Beitragvon Kurt » Fr 4. Okt 2013, 13:49

Wie angekündigt die "Steinewerferei".

---------- Steinewerferei ---------------

Bei der Steinewerferei gibt es eine Uhr beim Rathaus unten im Tal.

Diese Rathausuhr schwingt mit einer Frequenz von irgendwo bei 1 Mhz.
Sie hat einen Teiler eingebaut,
dieser teilt den Oszillatortakt durch 1000 000

Dieser Takt wird Sekunde genannt.

Dieser Takt wird mit einer Leitung zum Steinewerfer,
welcher einen ausreichenden Vorrat an Steinen hat,
hochgebracht.
Der Taktpuls wird dem Steinewerfer signalisiert.
Alternativ kann er auch den Zeiger der Rathausuhr einsehen.

Pro Takt, also jede Sekunde, wirft er einen Stein ins Tal runter.
Diese kullern immer gleich bis zur Uhr hinunter.

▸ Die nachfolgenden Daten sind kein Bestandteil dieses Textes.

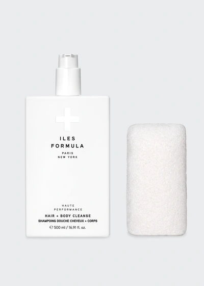Iles Formula Hair + Body Cleanse with Body Sponge A "wash & go", providing customers a luxurious hair experience together with a soft, silky after-cleanse on the skin. Perfect for the home, gym and spa, this formula addresses hair-, scalp-, and skin-aging at a cellular level. An all-in-one vitamin compound of B3, B5, B6, C, and E are all vitamins that are known to have a beneficial, protective effect on the skin and scalp whilst also strengthening the hair. The formula is infused with our...

Sich erholende Wandere können auf den einzigen Zeiger
der Rathausuhr, welcher von den Sekundenimpulsen
weitergesetzt wird, schauen.

Sie berichten abends dass im Sekundentakt Steine
an ihnen vorbeigekommen sind.
Immer gleich,
immer einer pro Sekunde.

Meine Behauptung ist nun so:
- es wird der Rathausuhrzeiger im Sekundentakt weitergesetzt
- es werden im Sekundentakt Steine abgeworfen
- es kommen im Sekundentakt Steine an den Wanderern vorbei
- es kommen im Sekundentakt Steine unten bei der Uhr an

Um dies zu beweisen wird ein Zähler verwendet.
Dieser Zähler hat zwei Eingänge.
es sind:
a'  der Eingang für den Oszillatortakt der Uhr beim Rathaus  von 1 Mhz
b' der Ereigniseingang

Der Zähler kann überall dahin gebracht werden wo er messen soll.
Dazu verwendet er eine Schleppleitung die ihm die Oszillatorschwingung
der Uhr bereitlegt.
Alternativ kann er auch den einzigen Zeiger der Rathausuhr fernablesen
und daraus seinen internen 1 Mhz-Oszillator synchronisieren.

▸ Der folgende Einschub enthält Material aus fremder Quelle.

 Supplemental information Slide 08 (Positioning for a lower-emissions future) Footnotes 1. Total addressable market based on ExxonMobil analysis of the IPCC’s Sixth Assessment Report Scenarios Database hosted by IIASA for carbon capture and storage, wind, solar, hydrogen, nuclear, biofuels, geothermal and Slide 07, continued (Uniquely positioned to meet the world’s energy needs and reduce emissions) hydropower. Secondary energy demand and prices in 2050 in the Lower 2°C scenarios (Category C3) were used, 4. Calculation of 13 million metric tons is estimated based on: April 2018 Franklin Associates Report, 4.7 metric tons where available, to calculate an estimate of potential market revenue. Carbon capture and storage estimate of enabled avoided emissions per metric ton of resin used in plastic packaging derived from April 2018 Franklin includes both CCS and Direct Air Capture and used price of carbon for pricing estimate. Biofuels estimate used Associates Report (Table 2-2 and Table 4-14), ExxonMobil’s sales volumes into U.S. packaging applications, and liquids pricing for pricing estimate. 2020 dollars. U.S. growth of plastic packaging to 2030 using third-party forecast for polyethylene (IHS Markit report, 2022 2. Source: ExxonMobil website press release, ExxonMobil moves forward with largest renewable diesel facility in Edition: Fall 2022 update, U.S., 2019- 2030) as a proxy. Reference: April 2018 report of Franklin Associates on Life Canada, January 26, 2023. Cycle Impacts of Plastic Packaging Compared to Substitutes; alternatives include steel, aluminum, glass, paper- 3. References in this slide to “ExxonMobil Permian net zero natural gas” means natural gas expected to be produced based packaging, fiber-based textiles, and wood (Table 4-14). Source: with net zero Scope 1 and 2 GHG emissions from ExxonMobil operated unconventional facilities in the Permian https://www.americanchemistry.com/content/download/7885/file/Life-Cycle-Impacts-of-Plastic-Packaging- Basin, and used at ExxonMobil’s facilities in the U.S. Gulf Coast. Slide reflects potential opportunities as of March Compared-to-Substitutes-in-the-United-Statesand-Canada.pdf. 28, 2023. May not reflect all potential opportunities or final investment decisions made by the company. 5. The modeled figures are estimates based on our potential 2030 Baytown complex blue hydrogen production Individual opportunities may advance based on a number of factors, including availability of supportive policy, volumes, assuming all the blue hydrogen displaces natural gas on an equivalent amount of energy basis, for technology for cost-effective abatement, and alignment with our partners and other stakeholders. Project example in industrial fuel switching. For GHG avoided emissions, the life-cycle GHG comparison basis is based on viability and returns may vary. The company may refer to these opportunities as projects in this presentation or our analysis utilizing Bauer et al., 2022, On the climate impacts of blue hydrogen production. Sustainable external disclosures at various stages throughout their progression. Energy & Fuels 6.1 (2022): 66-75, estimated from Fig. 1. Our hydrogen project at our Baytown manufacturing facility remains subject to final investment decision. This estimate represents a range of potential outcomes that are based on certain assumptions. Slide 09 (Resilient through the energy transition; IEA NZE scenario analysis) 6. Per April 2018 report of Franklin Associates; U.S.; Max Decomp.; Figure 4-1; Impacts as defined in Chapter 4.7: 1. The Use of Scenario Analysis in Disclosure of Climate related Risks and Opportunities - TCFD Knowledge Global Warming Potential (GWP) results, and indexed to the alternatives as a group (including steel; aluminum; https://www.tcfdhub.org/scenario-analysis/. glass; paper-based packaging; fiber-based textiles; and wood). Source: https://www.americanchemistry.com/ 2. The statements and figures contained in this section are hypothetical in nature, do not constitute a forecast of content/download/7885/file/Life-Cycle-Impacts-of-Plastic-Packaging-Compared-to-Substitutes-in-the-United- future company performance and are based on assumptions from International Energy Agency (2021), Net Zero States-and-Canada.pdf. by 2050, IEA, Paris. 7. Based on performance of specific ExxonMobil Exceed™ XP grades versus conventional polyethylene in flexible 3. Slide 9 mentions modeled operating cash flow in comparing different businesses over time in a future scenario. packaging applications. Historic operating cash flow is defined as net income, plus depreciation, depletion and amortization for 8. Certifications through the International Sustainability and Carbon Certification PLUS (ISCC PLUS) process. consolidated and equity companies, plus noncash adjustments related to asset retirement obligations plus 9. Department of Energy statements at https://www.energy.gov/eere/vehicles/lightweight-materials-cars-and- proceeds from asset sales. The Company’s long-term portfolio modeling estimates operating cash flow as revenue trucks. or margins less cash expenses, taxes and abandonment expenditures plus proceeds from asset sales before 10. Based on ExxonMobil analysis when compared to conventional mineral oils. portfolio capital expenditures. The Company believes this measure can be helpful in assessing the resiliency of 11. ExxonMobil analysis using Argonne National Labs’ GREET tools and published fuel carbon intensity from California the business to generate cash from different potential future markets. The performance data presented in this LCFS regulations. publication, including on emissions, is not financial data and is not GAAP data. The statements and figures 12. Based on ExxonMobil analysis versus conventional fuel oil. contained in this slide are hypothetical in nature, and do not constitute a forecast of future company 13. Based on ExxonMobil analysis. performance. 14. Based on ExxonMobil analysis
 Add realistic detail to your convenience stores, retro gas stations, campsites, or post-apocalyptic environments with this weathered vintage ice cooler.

Der Eingang (b) wird genutzt um die Ereignisse einzubringen.
Um zu signalisieren das ein Stein
- abgeworfen wurde
- vorbeigekommen ist
- angekommen ist.

Er zeigt die Anzahl von Oszillatortakten an die sich
zwischen zwei Ereignissen angesammelt haben.

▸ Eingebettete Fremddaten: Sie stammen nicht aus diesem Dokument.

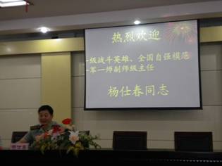員工培訓是我公司員工福利的重要組成部分。為了增強員工主動學習的積極性與創造性,營造一個自我學習的機遇與氛圍,本著“不斷學習、不斷進步”的原則,我公司定于2011年5月30日于朝暉街道文化活動中心開展第二次的員工讀書活動,激發員工求知欲望,通過學習達到自我增值的目的,提高員工的專業的素養和職業道德,將專業知識更好地運用到平常的工作中。本次活動我公司邀請了一級戰斗英雄、全國自強模范,一軍一師副師級主任楊仕春同志為大家作報告,分享他這一路走來的心路歷程。駐浙某師醫院三所主治醫師楊仕春,福建松溪人,1961年2月出生,1978年12月入伍,上校軍銜。1982年4月入黨,大專學歷,歷任排長、副連長、連長等職。1985年,楊仕春在邊境作戰中英勇負傷失去雙腿,被評為特等傷殘。1995年5月任軍醫。近三十來,楊仕春在不同崗位上,始終不忘對黨和人民的忠誠誓言,以進取心直面困難,以平常心對待得失,以感恩心回報部隊和社會,在不同崗位上盡心盡責,努力工作,先后被集團軍、師表彰為“學雷鋒、學‘硬骨頭六連’”、“學習成才先進個人”和“優秀共產黨員”,榮立二等戰功一次,2007年6月榮立一等功一次。
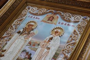 По окончании Литургии священнослужители совершили славление и вознесли молитву перед иконой святых благоверных князя Петра и княгини Февронии.
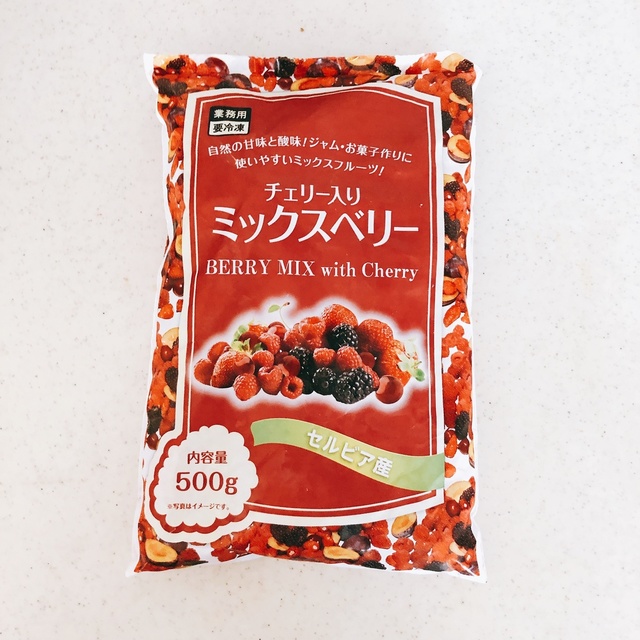 中身は、ストロベリー、ラズベリー、ブラックベリー、サワーチェリーです。よく見かけるミックスベリーには、サワーチェリーではなくブルーベリーが入っていることが多いのですが、ブルーベリーは単体でも購入できるので、合わせて使ってみてもいいなと思っています。
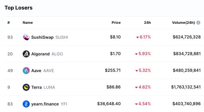 Celkový objem kryptoměnového trhu za posledních 24 hodin je 229 miliardy USD, což představuje růst o 55 %. Celkový objem v DeFi je v současné době 27,1 miliardy USD, což je 26 % celkového 24hodinového objemu kryptotrhu.
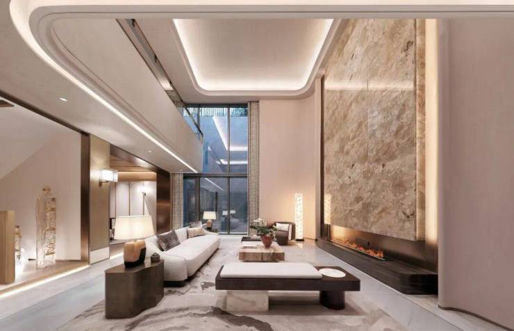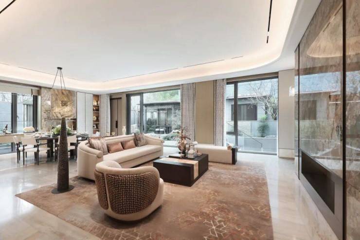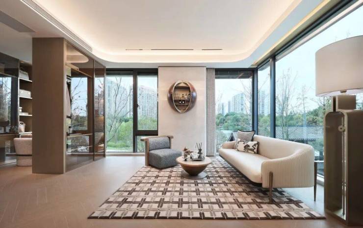 所有线条都向上生长,指向那片独特的天花,柔和的光晕如一层薄雾轻轻笼罩。地毯的暗纹是静默蔓延的根系,将沙发、单椅与边几温柔连接。

Er zeigt immer und überall die Zahl 1000 000 an,
also eine Sekunde.

Hinweis:
Es wird vorausgesetzt das sich während des –Steinewerfens- die
Bedingungen und Umstände nicht ändern.
Das die Steine immer gleich runterfallen, der Oszillator
ausreichend genau taktet, der Zähler eine ausreichend genaue Auflösung
besitzt.

------------------- END ----------------------------------------


Dieses -Werfen- zeigt ebenfalls dass keinerlei Blauverschiebung stattfindet, unten und oben und auf der gesamten Strecke die Frequenz überall gleich ist.
Es wird auch aufgezeigt dass es keine Rolle spielt wie schnell die Steine unterwegs sind, also die "Wellenlänge" ist.